Exercise 1 — Find duplicate customer emails (SQL)
Dataset: customers(customer_id INT, email TEXT)
-- Sample rows
customer_id | email
------------+-----------------
1 | a@example.com
2 | b@example.com
3 | a@example.com
4 | c@example.com
5 | c@example.com
- Write SQL to return emails that appear more than once with their counts.
- Return all rows for those duplicate emails.
Expected output (counts): a@example.com → 2; c@example.com → 2
Show solution
-- 1) Emails with duplicate counts
SELECT email, COUNT(*) AS cnt
FROM customers
GROUP BY email
HAVING COUNT(*) > 1;
-- 2) All rows with duplicate emails
SELECT c.*
FROM customers c
JOIN (
SELECT email
FROM customers
GROUP BY email
HAVING COUNT(*) > 1
) d USING(email);
Exercise 2 — Flag outliers with IQR
List of order_value: [12, 13, 14, 15, 16, 17, 18, 55, 19, 20, 21, 22, 100]
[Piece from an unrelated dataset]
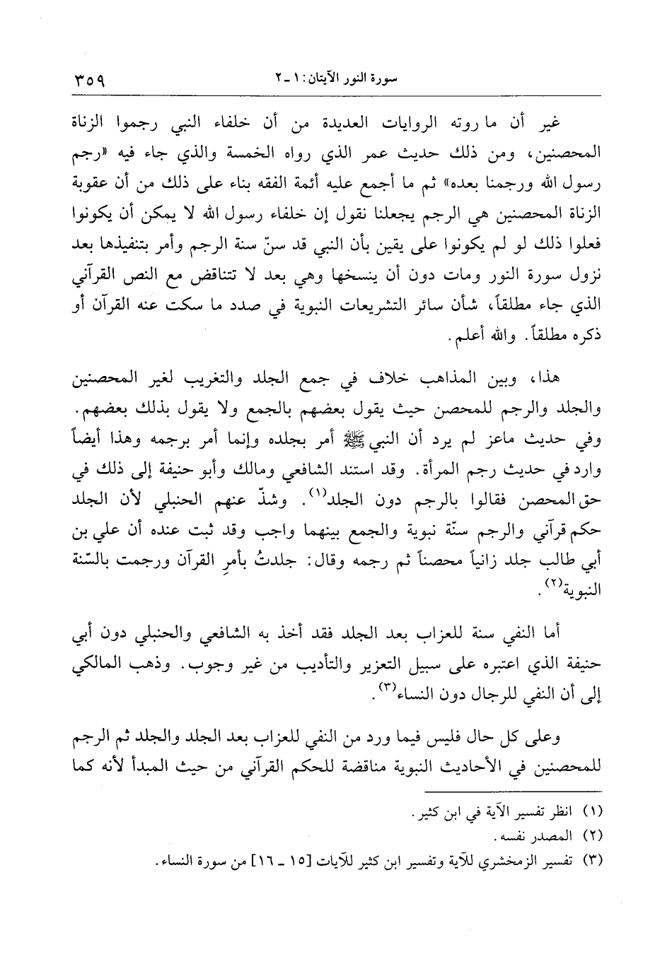غير أن ما روته الروايات العديدة من أن خلفاء النبي رجموا الزناة المحصنين، ومن ذلك حديث عمر الذي رواه الخمسة والذي جاء فيه «رجم رسول الله ورجمنا بعده» ثم ما أجمع عليه أئمة الفقه بناء على ذلك من أن عقوبة الزناة المحصنين هي الرجم يجعلنا نقول إن خلفاء رسول الله لا يمكن أن يكونوا فعلوا ذلك لو لم يكونوا على يقين بأن النبي قد سنّ سنة الرجم وأمر بتنفيذها بعد نزول سورة النور ومات دون أن ينسخها وهي بعد لا تتناقض مع النص القرآني الذي جاء مطلقا، شأن سائر التشريعات النبوية في صدد ما سكت عنه القرآن أو ذكره مطلقا. والله أعلم.

- Compute Q1, Q3, IQR, lower fence, upper fence.
- Identify outliers.
Expected output: outliers are 55 and 100 (values may vary slightly by percentile method).
Show solution
Approx values:
- Q1 ≈ 15.5, Q3 ≈ 21.5 → IQR ≈ 6.0
- Lower fence ≈ 15.5 − 1.5×6 = 6.5
- Upper fence ≈ 21.5 + 1.5×6 = 30.5
- Outliers: 55, 100
Spreadsheet tips:
- =QUARTILE.INC(range,1) and =QUARTILE.INC(range,3)
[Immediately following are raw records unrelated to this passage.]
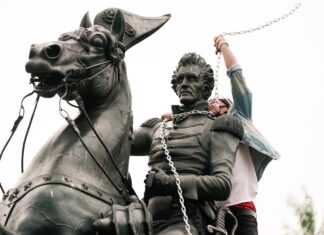 美國一座哥倫布雕像被示威者推倒推落河灣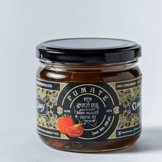 Jitomate deshidratado en aceite de olivo, ajo y albahaca.
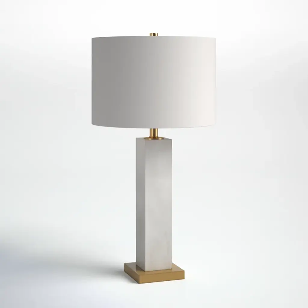 The Gatlin Table Lamp is crafted of Marble and Metal in a White Marble and Sand Bronze Finish with a white linen drum shade.

- Compute IQR and fences; flag with =IF(OR(x<lower, x>upper),"Outlier","OK")
Self-check checklist
- I can explain the data grain and key used for uniqueness.
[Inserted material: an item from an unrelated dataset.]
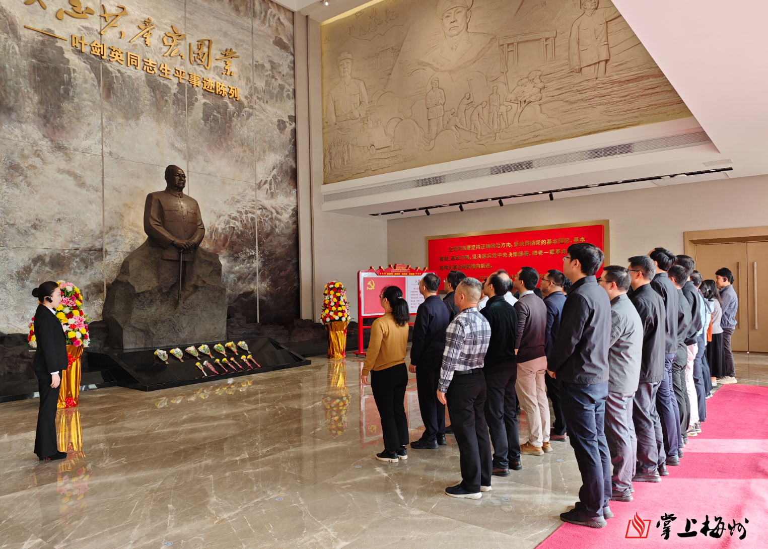 在叶剑英纪念园,全体党员干部在叶帅铜像前肃立鞠躬,深切缅怀这位伟大的无产阶级革命家、政治家、军事家的不朽功勋,深刻感悟老一辈革命家对党忠诚、矢志不渝的政治品格和心系人民、无私奉献的崇高情怀。随后,大家怀着崇敬之情参观纪念馆各展区,通过珍贵文物、历史照片和文献资料,系统回顾了叶剑英元帅从早年投身革命到参与新中国建设、推动改革开放的光辉历程,进一步领会其坚定的理想信念和卓越的军事政治才能。

- I can count and inspect duplicate keys.
- I can implement a deterministic dedupe rule (e.g., latest record).
- I can compute IQR fences and/or z-scores and flag outliers.
- I document cleaning decisions and re-validate metrics after changes.
Common mistakes and how to self-check
- Using the wrong key for uniqueness. Self-check: Write a one-sentence "row grain" statement and verify with stakeholders.
- Dropping legitimate rare events. Self-check: Sample outliers and annotate cause (error vs true). Keep if business-valid.
- Relying only on average to spot outliers. Self-check: Always view distribution (min, Q1, median, Q3, max).
- Partial dedup without a tie-breaker. Self-check: If two rows have same key and timestamp, define a secondary rule.
- Forgetting to re-check downstream joins. Self-check: After dedupe, re-run joins and confirm row counts and KPIs.
Practical projects
- Customer 360: Build a deduped customer dimension using email and phone with a clear survivorship rule.
- Sales quality monitor: A daily job that counts duplicate order_ids and flags outlier order_values.
- Marketing list hygiene: Standardize and deduplicate campaign contact lists; measure impact on send volume.
Learning path
- Before this: Data profiling basics (distributions, null checks).
- This lesson: Duplicates and outliers—detect, decide, document.
- Next: Handling missing values, standardization, and validation rules across pipelines.
Quick Test
The quick test is available to everyone; only logged-in users get saved progress.
Next steps
- Automate: Turn your duplicate and outlier checks into repeatable queries or notebook cells.
- Document: Add your rules to a shared data quality playbook.
- Monitor: Schedule counts of duplicates and outliers and alert on thresholds.
Mini challenge
You receive a weekly orders extract where order_id should be unique. This week, duplicate order_ids increased from 0.2% to 3%. Draft a 5-step plan to identify the source, stop the growth, and patch existing data without breaking dashboards. Include how you will validate success.